Problem details
Exactly as written, return every line of the data below apart from the pictures.

Data under study
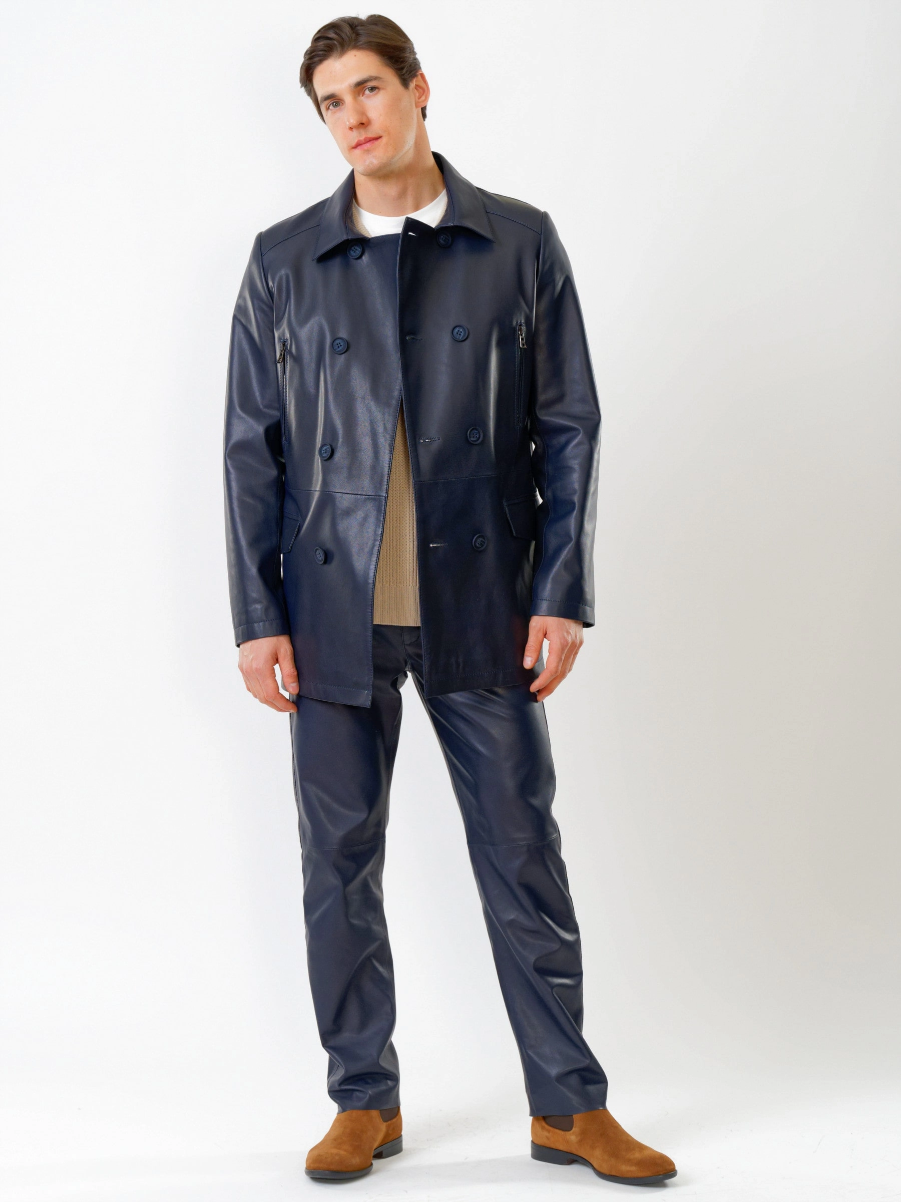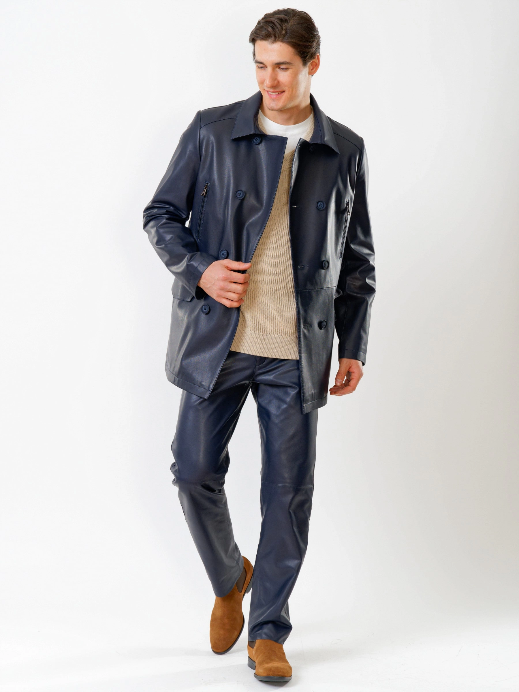 Кожаный комплект мужской: Куртка 538 + Брюки 01, синий, р. 48, артикул 140140
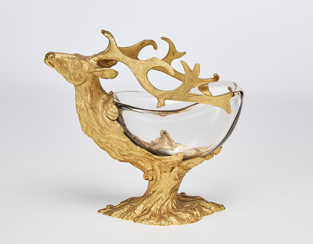 Gabriella Crespi (Milano 1922 - Milano 2017) Coppa modello "Cervo", in bronzo a cera persa dorato e vetro soffiato Barovier & Toso. Milano-Murano 1970. Firmata a incussione sotto la base "Gabriella Crespi" (cm 25x25x13) Esposizioni: esemplare esposto alla mostra "Gabriella crespi Il segno e lo spirito", Palazzo Reale, Milano 24 settembre 2011-16 ottobre 2011. Provenienza: Showroom Gabiella Crespi, via Montenapoleone, Milano Collezione privata Accompagnata da dichiarazione di autenticità dell'Archivio Gabriella Crespi, Milano
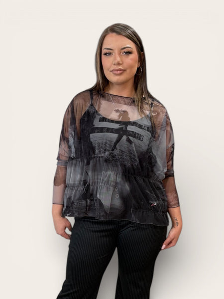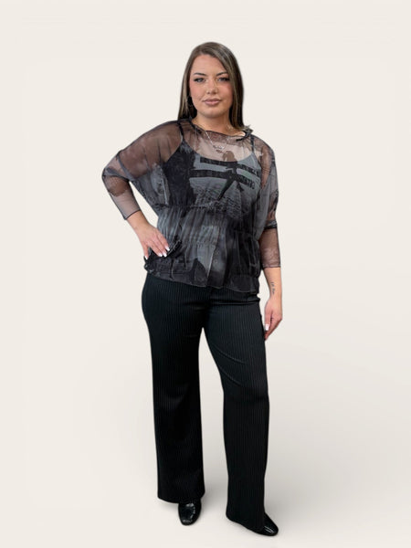 Effortless fluidity with a touch of edge. The Barely Wabi Sabi Top brings shape and dimension to sheer layering with internal elastic detailing that creates the effect of soft gathers and drape. Its long sheer sleeves and crew neckline strike a balance between structure and softness, while the flowy fit skims away from the body. Best styled over our Flared Shell, this piece offers an artful layered look with modern ease.
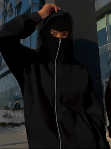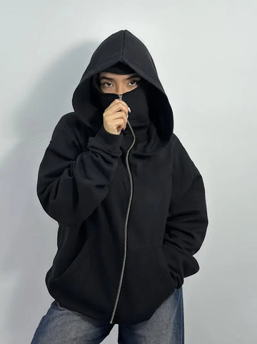 Street Style women's Balaclava Hoodie | Ninja Hoodie | Full Face Mask | Zip Up Hoodie
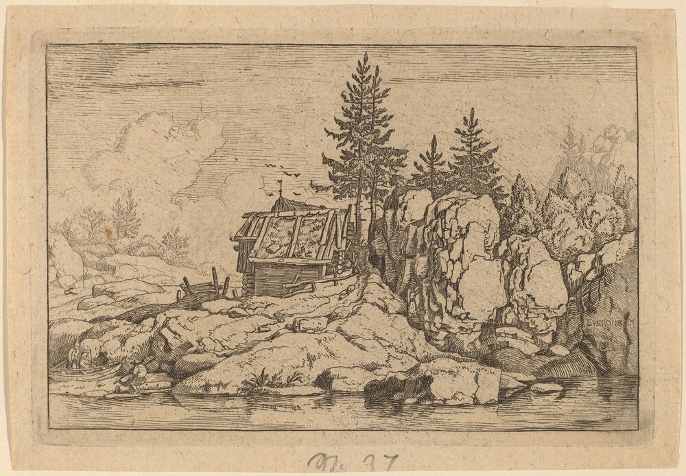 Two Fir Trees near Cottages

Worked solution
 Кожаный комплект мужской: Куртка 538 + Брюки 01, синий, р. 48, артикул 140140
 Gabriella Crespi (Milano 1922 - Milano 2017) Coppa modello "Cervo", in bronzo a cera persa dorato e vetro soffiato Barovier & Toso. Milano-Murano 1970. Firmata a incussione sotto la base "Gabriella Crespi" (cm 25x25x13) Esposizioni: esemplare esposto alla mostra "Gabriella crespi Il segno e lo spirito", Palazzo Reale, Milano 24 settembre 2011-16 ottobre 2011. Provenienza: Showroom Gabiella Crespi, via Montenapoleone, Milano Collezione privata Accompagnata da dichiarazione di autenticità dell'Archivio Gabriella Crespi, Milano
 Effortless fluidity with a touch of edge. The Barely Wabi Sabi Top brings shape and dimension to sheer layering with internal elastic detailing that creates the effect of soft gathers and drape. Its long sheer sleeves and crew neckline strike a balance between structure and softness, while the flowy fit skims away from the body. Best styled over our Flared Shell, this piece offers an artful layered look with modern ease.
 Street Style women's Balaclava Hoodie | Ninja Hoodie | Full Face Mask | Zip Up Hoodie
 Two Fir Trees near Cottages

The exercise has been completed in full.